EXERCISE OBJECTIVE →
Nothing but the lines from the one containing "LCS1170-AC-PM Unit shown in Premium finish" to the end of the data should be copied, exactly, and the pictures stay out.

RECORDS SUPPLIED →
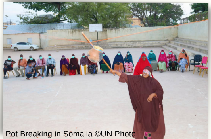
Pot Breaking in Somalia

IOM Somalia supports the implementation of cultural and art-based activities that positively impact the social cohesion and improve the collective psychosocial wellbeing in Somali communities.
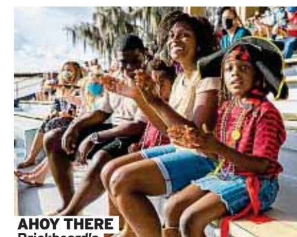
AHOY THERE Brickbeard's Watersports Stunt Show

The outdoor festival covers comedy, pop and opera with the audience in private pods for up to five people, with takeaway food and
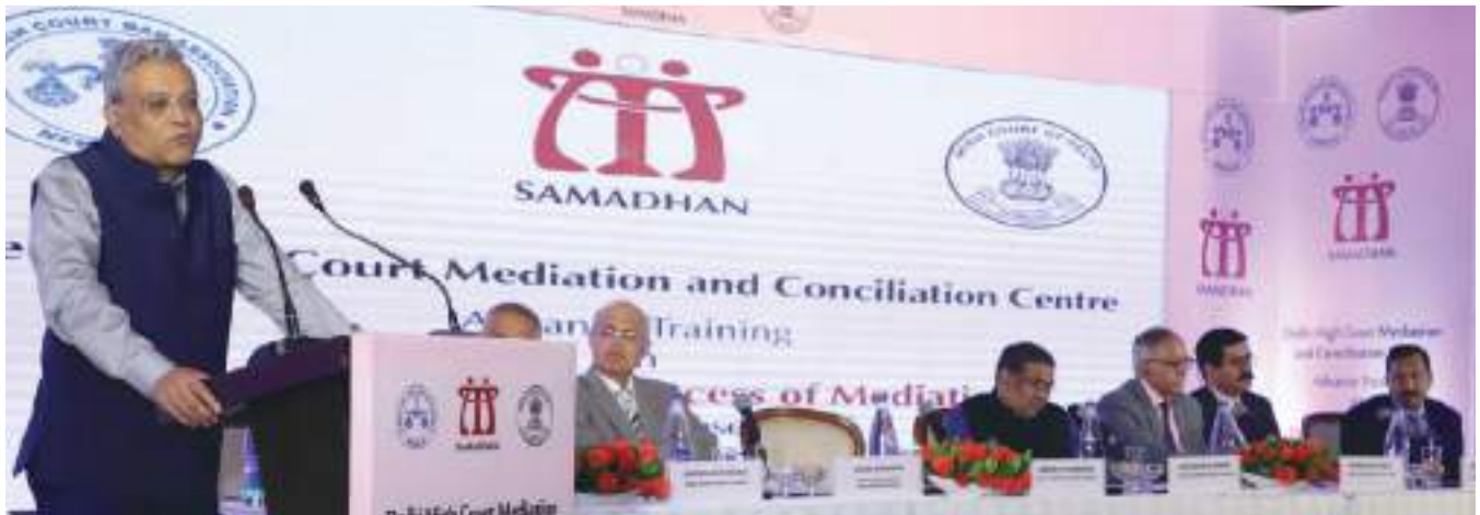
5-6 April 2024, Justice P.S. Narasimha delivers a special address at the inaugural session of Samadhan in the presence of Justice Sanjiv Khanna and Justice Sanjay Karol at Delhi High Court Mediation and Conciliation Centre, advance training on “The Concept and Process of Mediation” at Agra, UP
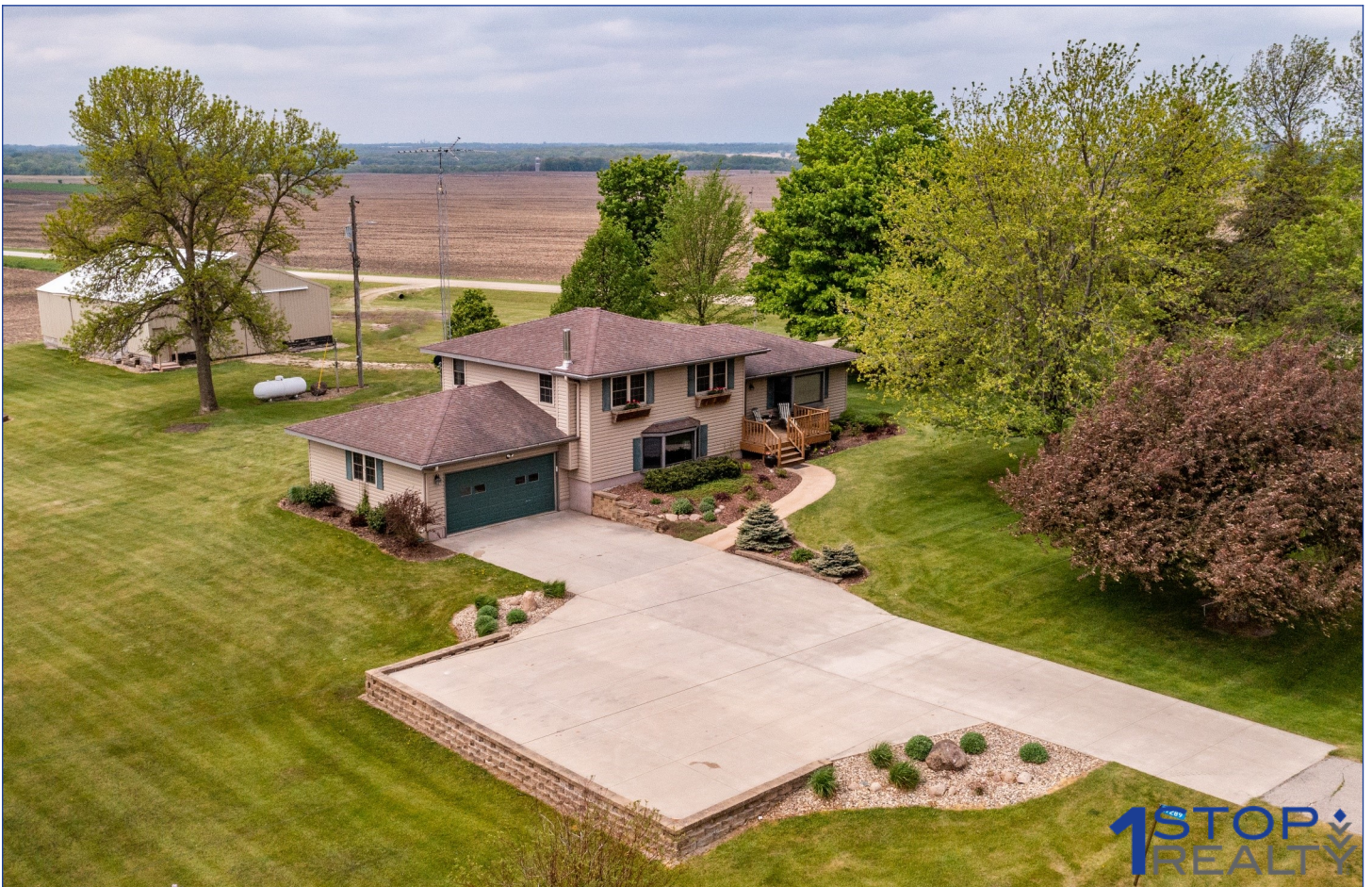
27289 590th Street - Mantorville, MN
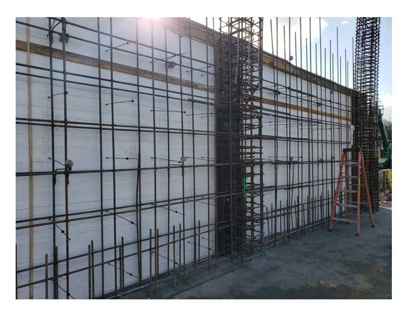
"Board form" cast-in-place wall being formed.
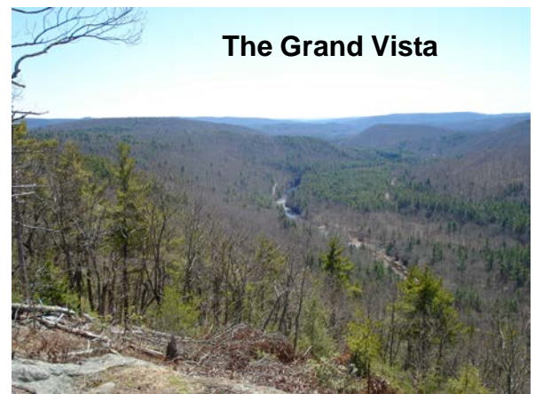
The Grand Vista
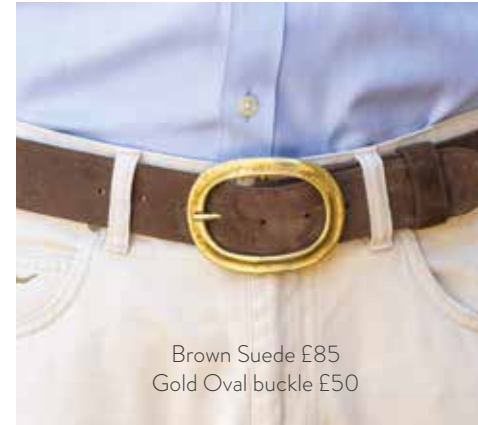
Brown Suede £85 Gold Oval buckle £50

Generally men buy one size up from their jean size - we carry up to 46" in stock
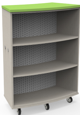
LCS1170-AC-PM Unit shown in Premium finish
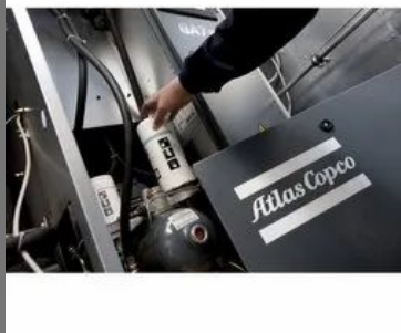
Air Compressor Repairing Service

RESULT FOR THIS EXERCISE →
LCS1170-AC-PM Unit shown in Premium finish
Air Compressor Repairing Service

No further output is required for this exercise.